- WORK TO COMPLETE
Below are some entries. Repeat exactly the lines from the one with "泰国同学们的实习表现得到了实" through the one with "Gold Tone jadau Set with Faux Pearls", and only those.

- Records from a data collection
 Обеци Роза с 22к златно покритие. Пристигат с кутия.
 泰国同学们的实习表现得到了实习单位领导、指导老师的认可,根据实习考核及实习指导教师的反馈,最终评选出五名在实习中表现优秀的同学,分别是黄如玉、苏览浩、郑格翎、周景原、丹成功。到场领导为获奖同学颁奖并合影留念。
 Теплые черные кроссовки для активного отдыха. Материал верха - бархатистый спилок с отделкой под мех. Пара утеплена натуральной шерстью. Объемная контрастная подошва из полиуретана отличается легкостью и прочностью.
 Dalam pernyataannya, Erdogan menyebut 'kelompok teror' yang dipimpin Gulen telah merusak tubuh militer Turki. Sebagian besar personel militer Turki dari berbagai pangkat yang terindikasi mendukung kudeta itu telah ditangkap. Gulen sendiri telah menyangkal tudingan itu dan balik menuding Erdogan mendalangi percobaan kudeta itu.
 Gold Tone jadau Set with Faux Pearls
* * *
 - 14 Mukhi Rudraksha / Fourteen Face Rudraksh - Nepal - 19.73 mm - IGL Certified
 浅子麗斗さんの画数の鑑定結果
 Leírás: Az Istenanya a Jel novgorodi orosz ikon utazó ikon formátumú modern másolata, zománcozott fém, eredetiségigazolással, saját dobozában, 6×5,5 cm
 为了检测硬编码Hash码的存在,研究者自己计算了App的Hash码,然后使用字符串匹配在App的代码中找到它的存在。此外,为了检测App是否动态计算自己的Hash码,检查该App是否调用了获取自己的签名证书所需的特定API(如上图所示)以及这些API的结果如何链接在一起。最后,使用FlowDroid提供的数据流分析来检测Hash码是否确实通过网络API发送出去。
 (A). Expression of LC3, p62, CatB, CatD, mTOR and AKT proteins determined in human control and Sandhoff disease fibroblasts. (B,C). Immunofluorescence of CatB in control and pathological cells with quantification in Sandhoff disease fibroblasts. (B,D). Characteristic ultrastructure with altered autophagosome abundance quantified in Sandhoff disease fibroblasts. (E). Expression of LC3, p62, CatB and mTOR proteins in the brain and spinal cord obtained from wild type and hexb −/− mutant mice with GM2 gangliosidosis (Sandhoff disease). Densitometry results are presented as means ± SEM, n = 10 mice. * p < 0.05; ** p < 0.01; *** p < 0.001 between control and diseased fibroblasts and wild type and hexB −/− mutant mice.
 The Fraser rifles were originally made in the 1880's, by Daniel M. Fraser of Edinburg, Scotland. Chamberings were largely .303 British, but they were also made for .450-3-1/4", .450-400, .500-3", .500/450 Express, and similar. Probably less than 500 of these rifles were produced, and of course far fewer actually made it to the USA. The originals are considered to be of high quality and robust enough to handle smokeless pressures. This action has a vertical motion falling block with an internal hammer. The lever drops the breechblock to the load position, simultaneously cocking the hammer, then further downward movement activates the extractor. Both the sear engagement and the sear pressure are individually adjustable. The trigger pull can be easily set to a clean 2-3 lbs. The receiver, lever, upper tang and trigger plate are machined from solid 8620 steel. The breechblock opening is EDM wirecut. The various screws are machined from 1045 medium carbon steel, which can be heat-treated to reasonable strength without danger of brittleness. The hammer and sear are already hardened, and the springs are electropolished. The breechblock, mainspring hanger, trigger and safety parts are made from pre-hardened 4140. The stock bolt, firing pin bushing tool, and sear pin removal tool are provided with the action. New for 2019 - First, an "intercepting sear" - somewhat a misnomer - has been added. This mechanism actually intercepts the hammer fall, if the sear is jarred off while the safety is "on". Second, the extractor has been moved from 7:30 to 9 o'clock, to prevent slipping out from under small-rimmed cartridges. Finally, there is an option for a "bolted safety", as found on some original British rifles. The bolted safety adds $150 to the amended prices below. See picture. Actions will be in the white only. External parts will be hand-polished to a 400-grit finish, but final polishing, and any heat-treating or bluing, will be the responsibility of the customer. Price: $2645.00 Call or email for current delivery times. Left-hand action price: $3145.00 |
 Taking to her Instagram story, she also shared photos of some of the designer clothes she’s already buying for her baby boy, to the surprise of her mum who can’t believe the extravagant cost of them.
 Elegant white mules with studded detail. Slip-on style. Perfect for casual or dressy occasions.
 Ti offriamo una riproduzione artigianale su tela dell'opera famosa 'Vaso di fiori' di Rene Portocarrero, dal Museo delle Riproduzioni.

- ANSWER TO THIS EXERCISE
 泰国同学们的实习表现得到了实习单位领导、指导老师的认可,根据实习考核及实习指导教师的反馈,最终评选出五名在实习中表现优秀的同学,分别是黄如玉、苏览浩、郑格翎、周景原、丹成功。到场领导为获奖同学颁奖并合影留念。
 Теплые черные кроссовки для активного отдыха. Материал верха - бархатистый спилок с отделкой под мех. Пара утеплена натуральной шерстью. Объемная контрастная подошва из полиуретана отличается легкостью и прочностью.
 Dalam pernyataannya, Erdogan menyebut 'kelompok teror' yang dipimpin Gulen telah merusak tubuh militer Turki. Sebagian besar personel militer Turki dari berbagai pangkat yang terindikasi mendukung kudeta itu telah ditangkap. Gulen sendiri telah menyangkal tudingan itu dan balik menuding Erdogan mendalangi percobaan kudeta itu.
 Gold Tone jadau Set with Faux Pearls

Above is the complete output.